This is why you need a clustering solution that works with WebRTC as a protocol. Even better if it can autoscale with cloud infrastructure. This kind of Autoscaling Solution, involves switching from the static, datacenter-based CDN model, to a much more flexible cloud-based model. Server clusters can be set up to dynamically spin up new servers as network traffic increases and spin them back down once they are no longer needed. This alleviates the potential issue of paying for more capacity then you really need.
Red5 Pro’s WebRTC supported Autoscaling Solution works by publishing a stream broadcast to an origin server. Subscribers requesting access to view the broadcast stream, connect to a separate edge server which is then connected to the correct origin server through a Stream Manager. This architecture allows multiple edges to connect to the same origin server. Thus multiple servers can handle as many connections as needed and all connect to the same broadcasting stream. If the origin hits capacity in the number of edge servers it can connect to, relay nodes allow the same broadcast to publish to multiple origins. Thus the system will keep spinning up new origins and edges to handle as many publishers and subscribers as needed.
In fact, this dynamic scaling model is similar to how Mixer built their solution. However, Mixer used bare-metal servers which would not be as flexible as a strictly cloud-based solution. If you really want to dive deep into the Red5 Pro approach to cloud based scaling of WebRTC we recommend reading our white paper on the subject.
Ensuring that your application can run on a variety of devices is certainly important. Whether it’s a mobile, laptop or tablet, you need a full complement of browsers and platforms supported.
As a new web-standard, WebRTC is fully supported by the latest versions of all major browsers: Chrome, Safari, Firefox, Edge and Opera. Plus it can be run natively in the browser without the use of a plug-in. That includes mobile browsers as well for iOS and Android. Of course, creating dedicated mobile apps with the use of Mobile SDKs is good too.
Like everything else, all browser implementations are slightly different, but nothing acting as a full roadblock. Rather than figuring out how to create cross browser compatibility, Wowza simply blames Safari for being buggy. As WebRTC providers, it's our responsibility to figure it out to make cross browser compatibility work. Full compatibility is definitely possible as plenty of other groups – including Red5 Pro – fully support Safari with no issues. We agree that keeping compatibility with the full spec and multiple browser implementations is difficult, but that doesn't mean it can’t be done.

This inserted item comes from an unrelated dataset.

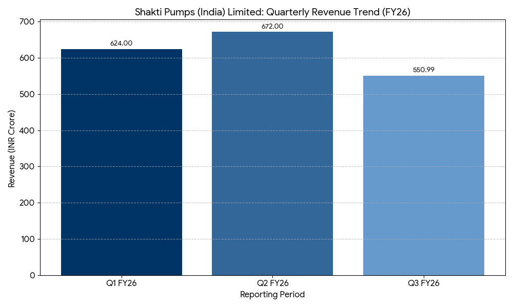 For the quarter ended December 31, 2025 (Q3 FY26), Shakti Pumps reported a consolidated revenue from operations of INR 550.99 crore, a decrease of 15.07% compared to INR 648.77 crore in the same period last year. Consolidated net profit for the quarter stood at INR 31.70 crore, down 69.53% from INR 104.05 crore in Q3 FY25.

Performance in Poor Streaming Conditions
In terms of quality and performance, LL-HLS and WebRTC have similar features as they both can support transcoding and Adaptive Bitrate (ABR).

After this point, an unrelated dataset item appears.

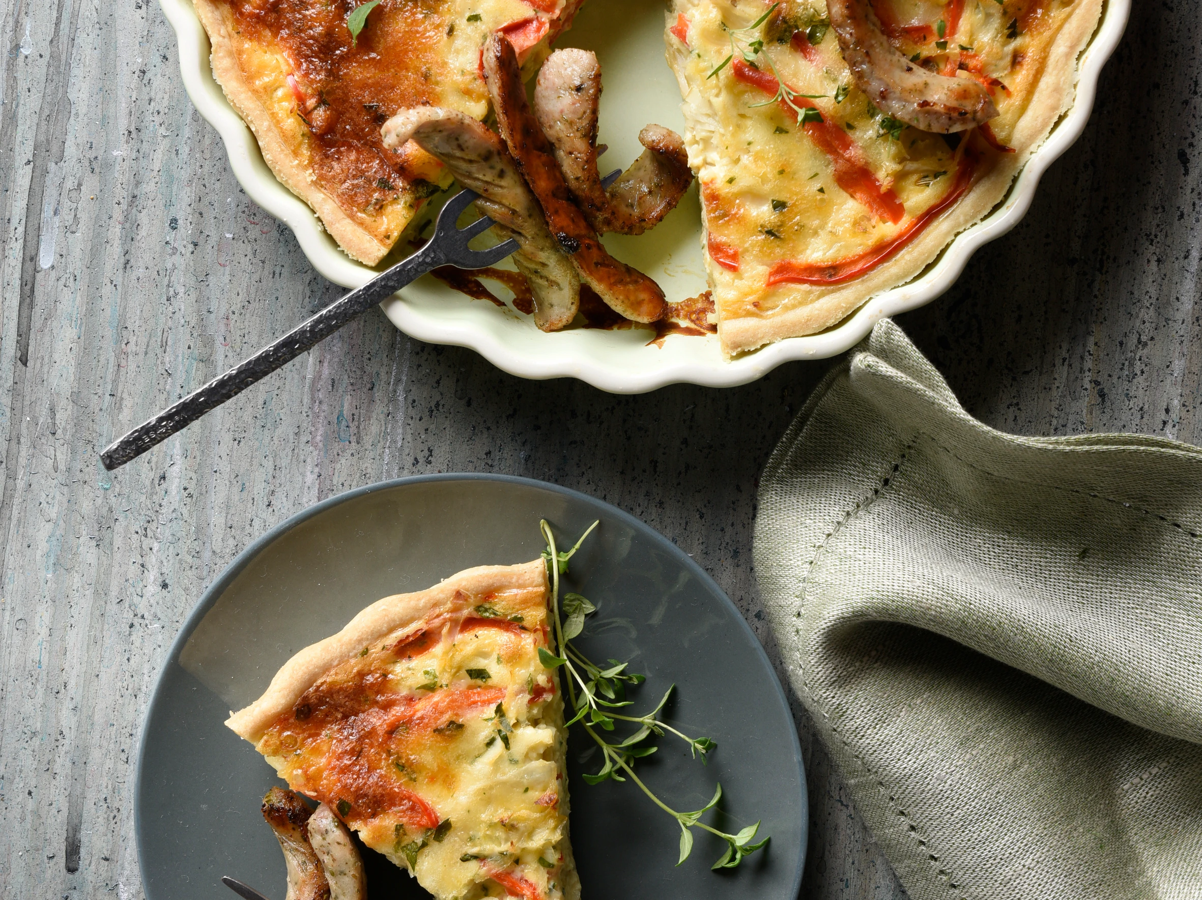 In einer Pfanne Öl erhitzen und die Würstel darin beidseitig braten. Tarte mit den Würsteln anrichten und eventuell mit Thymian garniert servieren.

ABR allows the client to request a lower bitrate that is more appropriate to the connectivity they are experiencing at that moment. That will ensure a smooth connection despite poor connectivity. HLS and it’s newer cousin LL-HLS both have ABR built right into the spec. This is accomplished by a master manifest file which contains the variants. When the player detects that the video isn’t being delivered quickly enough and thus detects insufficient bandwidth, then it can simply request one of the lower stream variants in the manifest. It then starts downloading the new video segments at the lower bitrate.
With WebRTC things are quite a bit different. In WebRTC you have a single UDP connection where the delivery of video is over SRTP. This means you can't go and make new requests for different segment files since there are no segment files to begin with. Instead the approach is to make available the multiple bitrate variants at the edge server allowing for the client to request the correct quality of video. The request itself is over the RTCP channel, which is a bi-directional control channel for sending live information about the state of each peer in a WebRTC session. The specific message we listen for is REMB which contains the recommended bandwidth that the peer is requesting (in this case the subscriber client). Based on that information, the edge server node can then respond by shifting to delivering the best stream for the bandwidth requirement.

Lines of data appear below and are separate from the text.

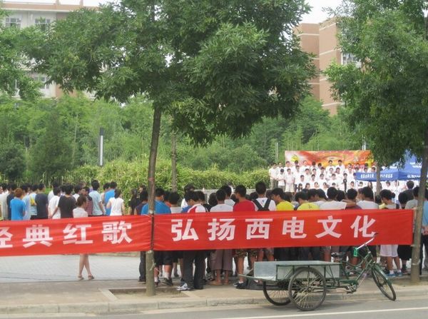 電院宣傳中心訊(通訊員 雷文強)2011年6月14日下午三時許,由西安電子科技大學電子工程學院團委主辦的校園紅歌賽在竹園餐廳東門口順利進行,團委書記孔東老師等作為評委出席了此次比賽,電院各班參加了比賽。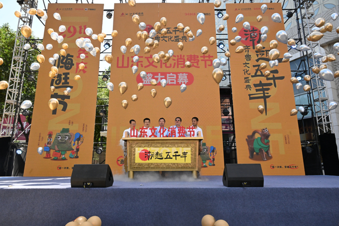 6月21日上午,本次山东文化消费节迎来巅峰时刻——“潮越五千年·齐鲁文化盛典”在济南银座商城店外广场璀璨启幕,盛典融合华服秀、古乐演奏、国潮音乐秀,并同步推出鲁博文创花车等沉浸式消费场景。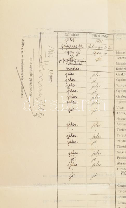 1931 M. Kir. Honvéd Ludovika Akadémia osztályozási értesÃtÅ‘je vitéz Lé... https://www.darabanth.com/de/476-Fernauktion/476.0/Kunst-Dokumente-andere-Sammelgebiete/Werbungen~2000116/1931-M-Kir-Honved-Ludovika-Akademia-osztalyozasi-ertesitoje-vitez-Levay-Gabor-akademikusrol~II3239451

As a side note, both HLS and WebRTC can rely on live transcoding of the streams to generate these multiple bitrate variants. Transcoding splits the stream into a variety of quality ladders (For example: high, medium, and low) so that users who can support the highest quality can subscribe to it, while users with poorer connections can still watch.
While HLS is limited to ABR, WebRTC has additional features further improving quality and performance.
Given that WebRTC is a UDP based protocol, one of its most critical features is NACK, which is a method of resending critical packets. A bad network connection will likely result in the client dropping packets. Rather than trying to resend each and every one of the packets, NACK identifies the ones that are most important and resends those. This prevents the network from getting further overloaded with redundant requests. This will help keep the stream flowing and looking good even under poor network conditions, and doesn’t have the drawbacks of packet backups in TCP based systems. Again, like REMB, ACK is a message type sent over the RTCP channel to the Edge server. The edge server then is responsible for re-delivering that critical packet. WebRTC also supports many other strategies for keeping stream quality high and ensuring efficient delivery of video including FEC, FIR, and PLI, which also happen to work over the RTCP channel.
WebRTC is a complex specification with many moving parts, and this is likely why Wowza got so much wrong in their post about how ABR works over WebRTC. Specifically we refer to this section:
“WebRTC, on the other hand, wasn’t built with quality in mind. WebRTC’s No. 1 priority has always been real-time latency for peer-to-peer browser connections. Traditionally, quality has taken the back seat. You may find it surprising that WebRTC supports ABR — but with a caveat. As the saying goes, “A chain is only as strong as its weakest link.” And this holds true for WebRTC’s quality. WebRTC’s built-in ABR is on the subscriber side only, which creates an issue if you have multiple subscribers. You could run into a situation where one subscriber has a poor network. This would force the publisher to switch to a lower-quality stream, resulting in everyone having to watch it in low quality.”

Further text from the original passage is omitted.